DAMAREMAS.COM, KEDIRI – Dalam upaya menciptakan kawasan tertib lalu lintas di Kota Kediri, Dinas Perdagangan dan Perindustrian (Disperdagin) Kota Kediri menggelar sosialisasi penertiban Pedagang Kaki Lima (PKL) di kawasan Jalan Dhoho. Sosialisasi ini berlangsung selama sepekan, mulai 6 hingga 13 Januari 2025, dengan pendirian posko pemantauan di depan Jalan Stasiun Kediri.
“Posko ini bertujuan menegakkan kembali kesepakatan antara pemilik toko dan PKL di Jalan Dhoho. Pemkot ingin menata kembali kawasan ini agar lebih tertib,” ujar Wahyu Kusuma, Kamis (9/1). Ia menambahkan bahwa kebijakan ini merujuk pada Surat Keputusan Wali Kota Kediri Nomor 32 Tahun 2023 tentang Kawasan Tertib Lalu Lintas dan Peraturan Wali Kota Kediri Nomor 37 Tahun 2015 sebagai pelaksanaan Peraturan Daerah Kota Kediri Nomor 7 Tahun 2014 tentang Penataan dan Pemberdayaan PKL.
Jam operasional PKL yang diatur dalam peraturan dimulai pukul 21.00 hingga 7.00 WIB, tetapi pemilik toko memberikan toleransi tambahan, yakni mulai pukul 20.30 hingga 7.30 WIB. Wahyu menegaskan pentingnya kerja sama semua pihak, termasuk PKL, agar aturan ini bisa dipahami dan diterapkan.
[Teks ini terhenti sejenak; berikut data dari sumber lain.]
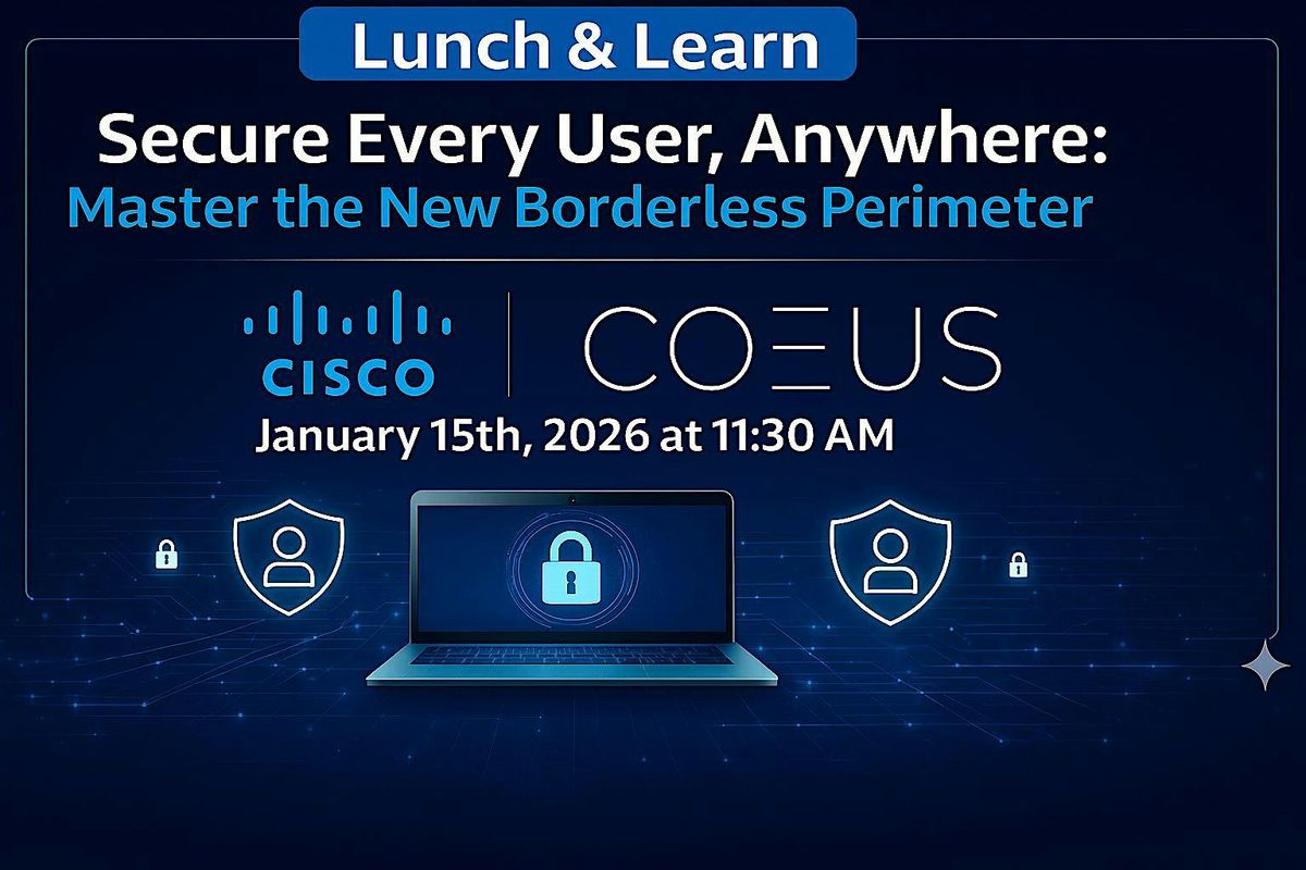 Come join us and learn more about the next generation authenication and borderless AI security powered by Cisco Systems, managed by Coeus Consulting.

Sebagai solusi, Pemkot Kediri menyediakan opsi alternatif bagi para PKL, baik berupa pergeseran waktu berjualan sesuai aturan maupun relokasi ke kantong-kantong UMKM yang telah disiapkan. Lokasi tersebut mencakup Taman Brantas, PD Pasar, serta beberapa lokasi yang masih dalam persiapan, seperti Hutan Kota, Taman Sekartaji, dan Taman Ngronggo.
“Saya berterima kasih kepada teman-teman PKL yang telah bersikap kooperatif. Kami berharap langkah ini dapat mempercantik tata Kota Kediri sekaligus memberikan ruang yang nyaman bagi semua pihak,” tutup Wahyu.